> **Exercise directions**
Once the pictures are removed, restate the data below word for word.

> **Data to examine**
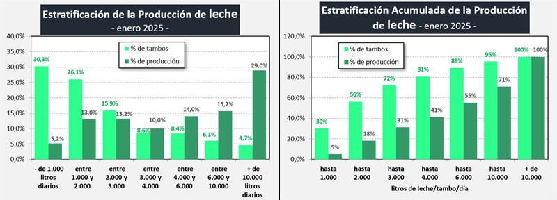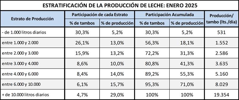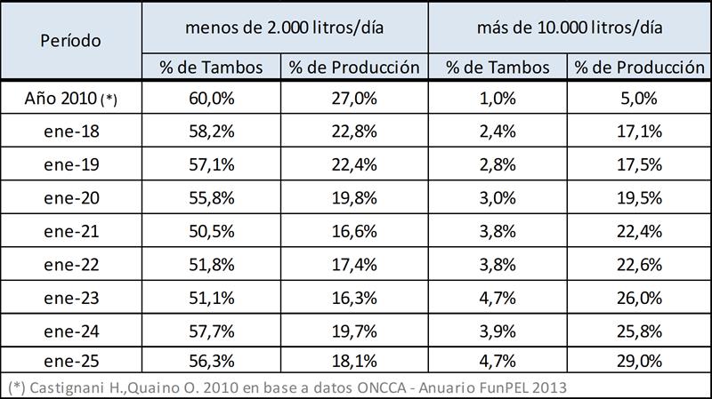 Entre 2010 y 2025 los tambos de menos de 2.000 litros de producción diaria venían reduciendo significativamente su importancia relativa en la producción de leche total y los tambos de más de 10.000 litros diarios de producción, multiplicaron por casi 6 su participación en la producción, a pesar del efecto de caída de la producción total que se dio en 2024.
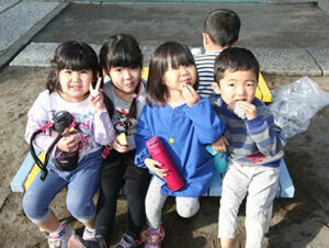 お家の人や地域の人たち、また中学生や高校生たちとの交流や参加の輪を広げながら共に子育てをしてゆきます。
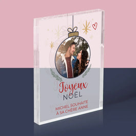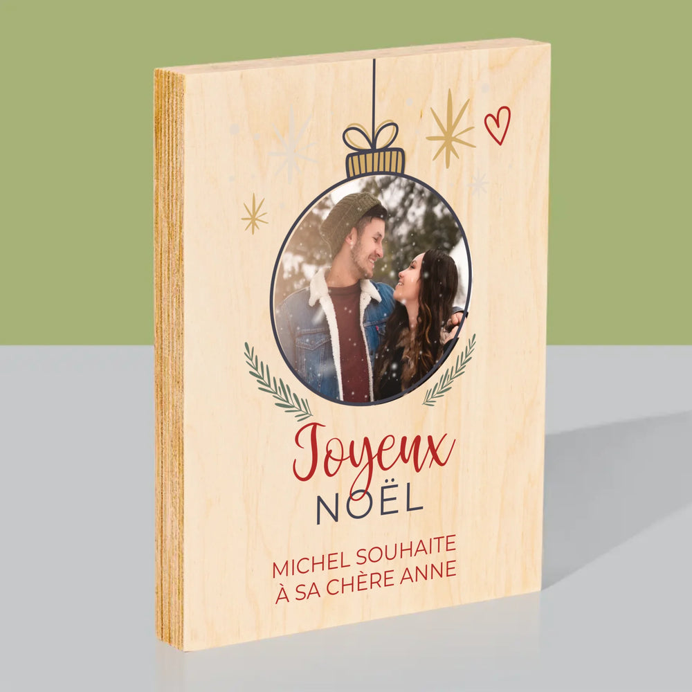 La Photo Et Un Texte: Joyeux Noël, Boule - Impression sur bois - vertical
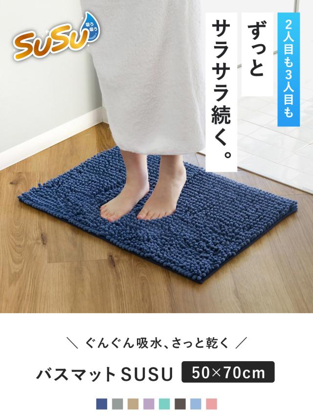 バスマット SUSU 抗菌ストロングW 50×70cm 速乾 ( バス マット 吸水 大判 マイクロファイバー 吸水速乾 抗菌 滑り止め 洗える 洗濯可 お風呂 浴室 丸洗い )
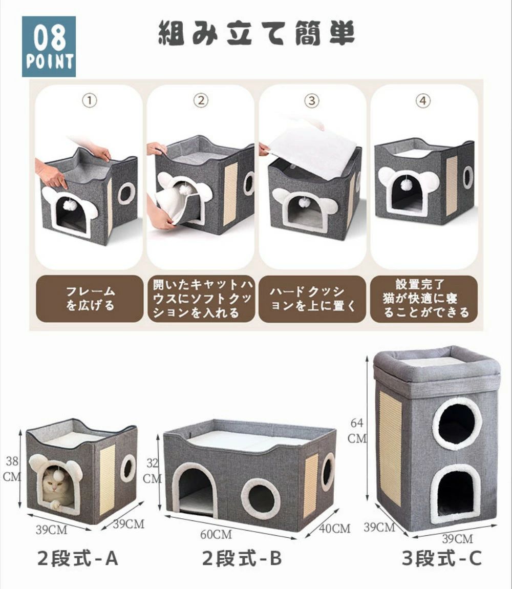 キャットタワー ドーム型ベッド 猫ハウ ペット ペットグッズ 通販 2段式-A 39x39x38cm 2段式-B 60x40x32cm 3段式-C 39x39x64cm
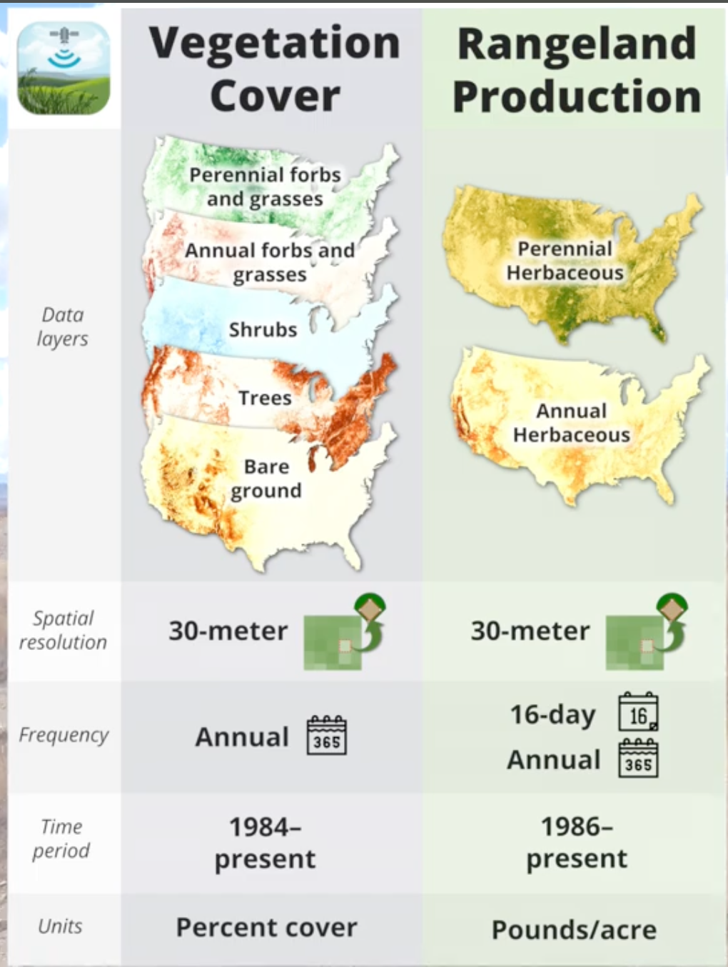 Summary of RAP Vegetation Cover and Rangeland Production Datasets.

> **Expected answer**
 Entre 2010 y 2025 los tambos de menos de 2.000 litros de producción diaria venían reduciendo significativamente su importancia relativa en la producción de leche total y los tambos de más de 10.000 litros diarios de producción, multiplicaron por casi 6 su participación en la producción, a pesar del efecto de caída de la producción total que se dio en 2024.
 お家の人や地域の人たち、また中学生や高校生たちとの交流や参加の輪を広げながら共に子育てをしてゆきます。
 La Photo Et Un Texte: Joyeux Noël, Boule - Impression sur bois - vertical
 バスマット SUSU 抗菌ストロングW 50×70cm 速乾 ( バス マット 吸水 大判 マイクロファイバー 吸水速乾 抗菌 滑り止め 洗える 洗濯可 お風呂 浴室 丸洗い )
 キャットタワー ドーム型ベッド 猫ハウ ペット ペットグッズ 通販 2段式-A 39x39x38cm 2段式-B 60x40x32cm 3段式-C 39x39x64cm
 Summary of RAP Vegetation Cover and Rangeland Production Datasets.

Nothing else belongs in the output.